= John Clagett Proctor =

American local historian, newspaper columnist and printer

John Clagett Proctor (1867-1956) was a local historian, newspaper columnist, and printer in Washington, D.C., best known for a long-running weekly column in the Washington Star newspaper.

Proctor was born November 15, 1867, in a house on New York Avenue NW between 6th and 7th Streets in Washington, D. C. He was the seventh child and second son of Mary Ann (Davison) and John Clagett Proctor, a lawyer and journalist who was then the city editor of the National Republican newspaper.

In 1883, Proctor began printing under Albert J. S. Curet at the United States National Museum. The next year, he received a permanent job at the museum, where he would work until 1906. In the early 1890s, he enrolled in the National University Law School, graduating with a master of laws degree in 1894. He passed the D.C. bar later that year, but never practiced as a lawyer.

Long interested in "history, biography, and genealogy, especially of his native Washington and the neighboring Maryland and Virginia counties," Clagett began speaking at local events on historical topics. In 1902, he began to publish articles and other writings on local history.

In 1928, he inaugurated a weekly column in the Washington Star. In 1949, he published his columns as a book: Proctor's Washington and Environs.

In 1939, the National University Law School gave him an honorary doctorate of laws degree.

Proctor died on April 19, 1956, at his house at 1605 Jonquil Street NW in Washington, D.C. His obituary in the Evening Star pronounced him the "outstanding historian on 19th Century Washington".

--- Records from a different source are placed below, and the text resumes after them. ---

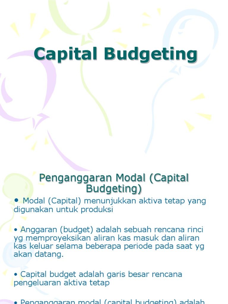 Keputusan investasi modal (capital investment decision) berkaitan dengan proses perencanaan, penetapan tujuan dan prioritas, pengaturan pendanaan, serta penggunaan kriteria tertentu untuk memilih aktiva jangka panjang. 1 keputusan investasi jangka panjang penganggaran modal penganggaran modal perencanaan pengeluaran yang akan menghasilkan penerimaan atau pengembalian sepanjang beberapa tahun. Terakhir, nilai sekarang dari aliran kas yg diharapkan dibandingkan dengan biayanya, konsep penganggaran modal keputusan penganggaran modal merepresentasikan keputusan investasi jangka panjang keputusan penganggaran modal lebih menekankan pada aliran kas daripada sekedar pendapatan digunakan tiga metode dalam menilai investasi, yakni:
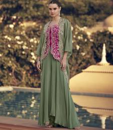 | Product Name | Green Chinon With Sequins Indo Western Jacket Style Palazzo Suit | |
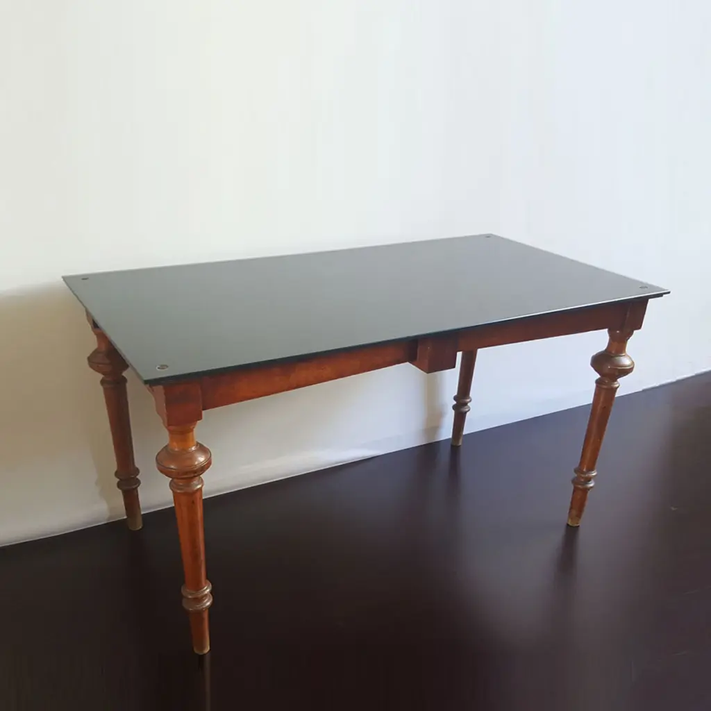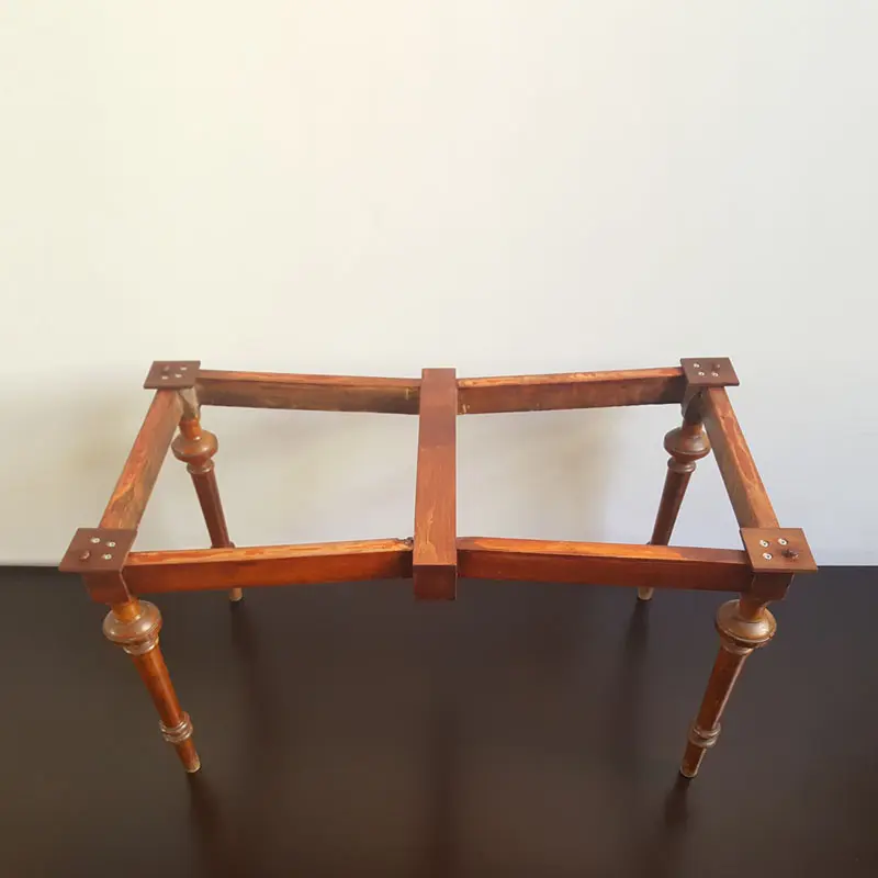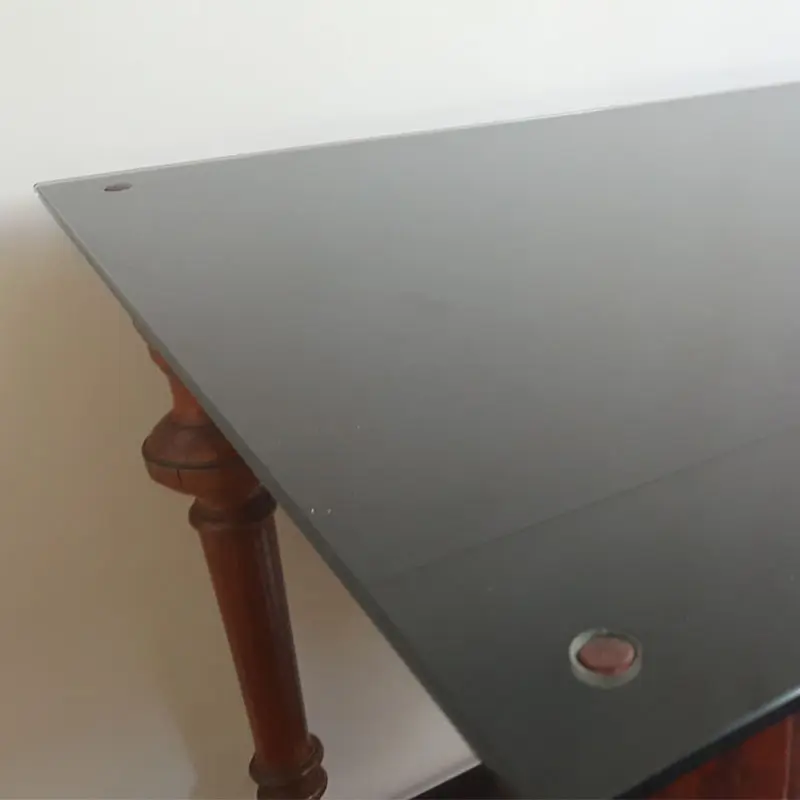 Das Gestell wurde aus Teilen zweier Stühle gefertigt und an eine vorhandene schwarz satinierte Glasplatte angepasst.
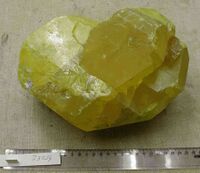 Коллекция Систематическая коллекция, №73014. Желтый полупрозрачный изометричный параллельный сросток размером 20х18х14см. Кристалл огранен дипирамидами и призмами. Длина экспоната 20 см.Размер минерала 20 см.
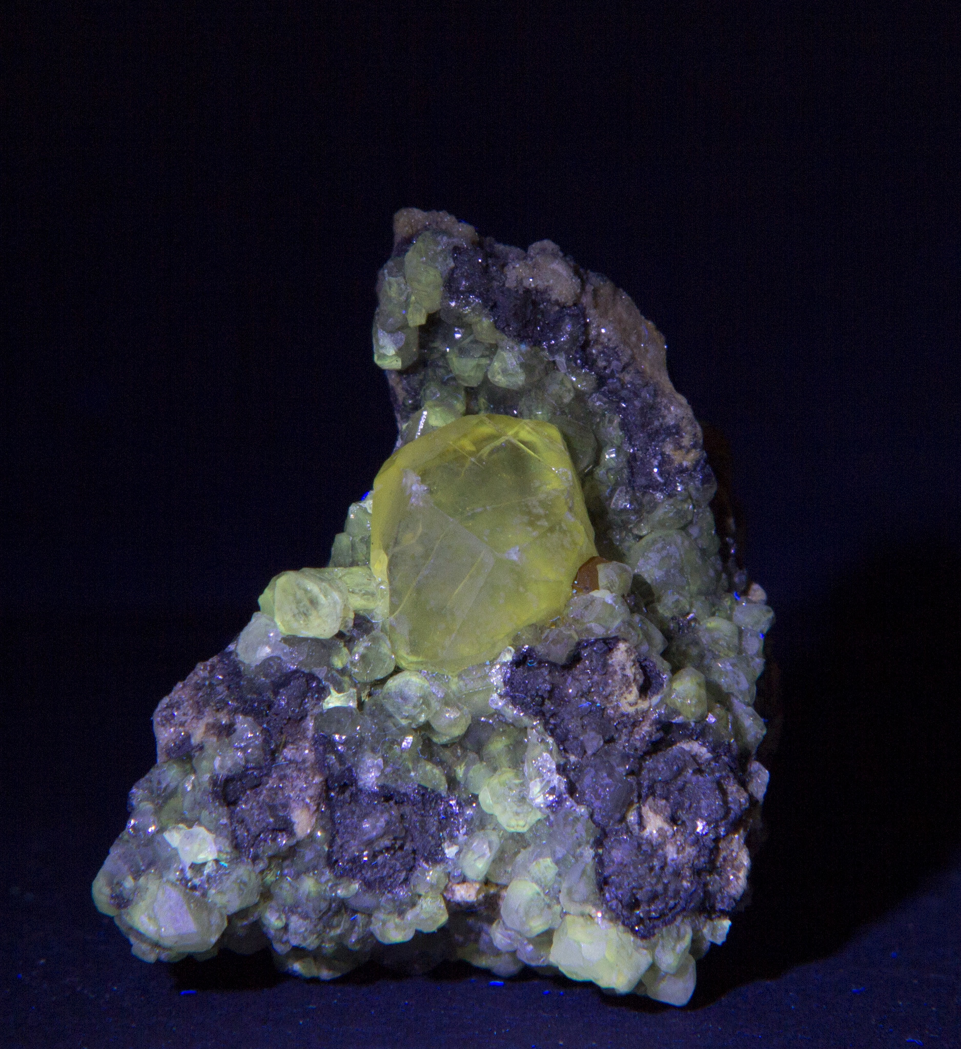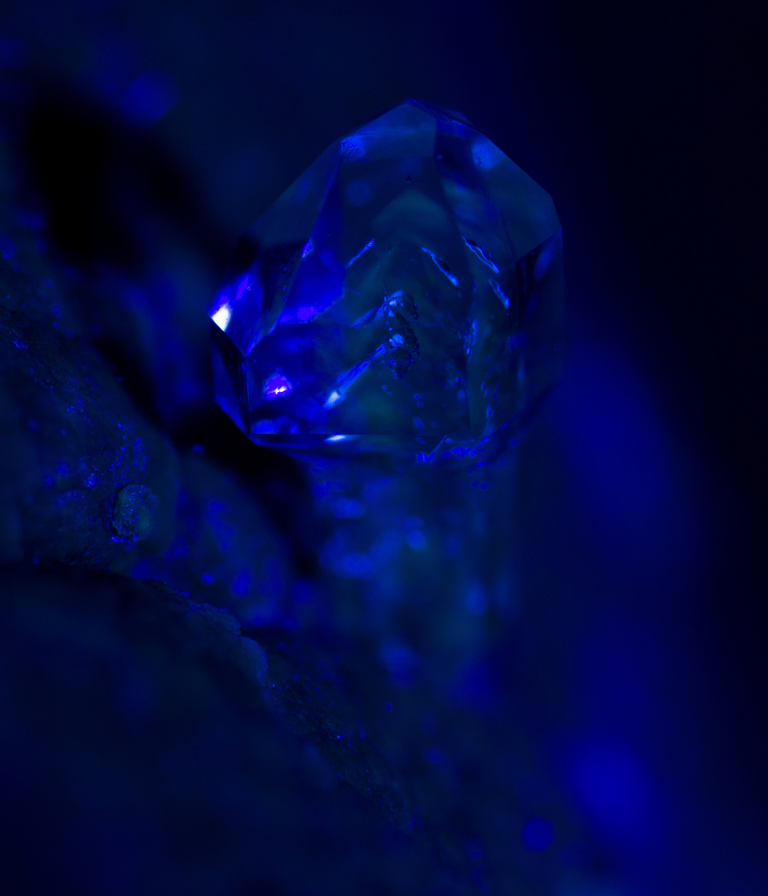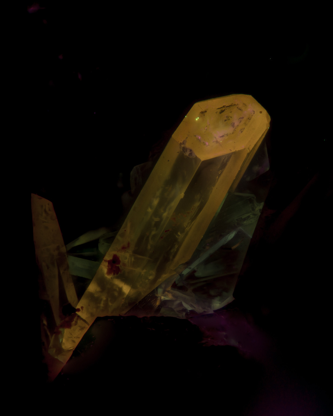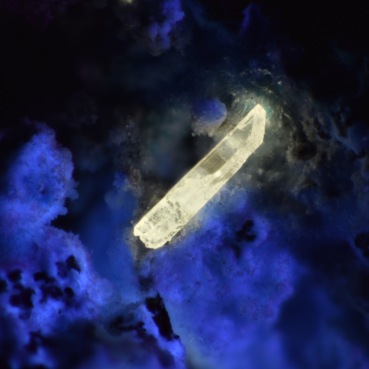 intrisische Lumineszenz von Cerussit: Anregung UV KW - Emission grünlich-gelbweiss betrachtet werden (1a). Sie tritt auch in synthtischen Cerussit ("Bleiweiss") auf (1a).

In 1964, Milton Rubincam wrote for the Columbia Historical Society:A dedicated local historian, Proctor contributed extensively to our knowledge of the events that have taken place in the Nation's Capital and its environs. His published writings reflect his interest in every facet of life in this area —social, political, economic, financial, educational, diplomatic, literary, military, even genealogically.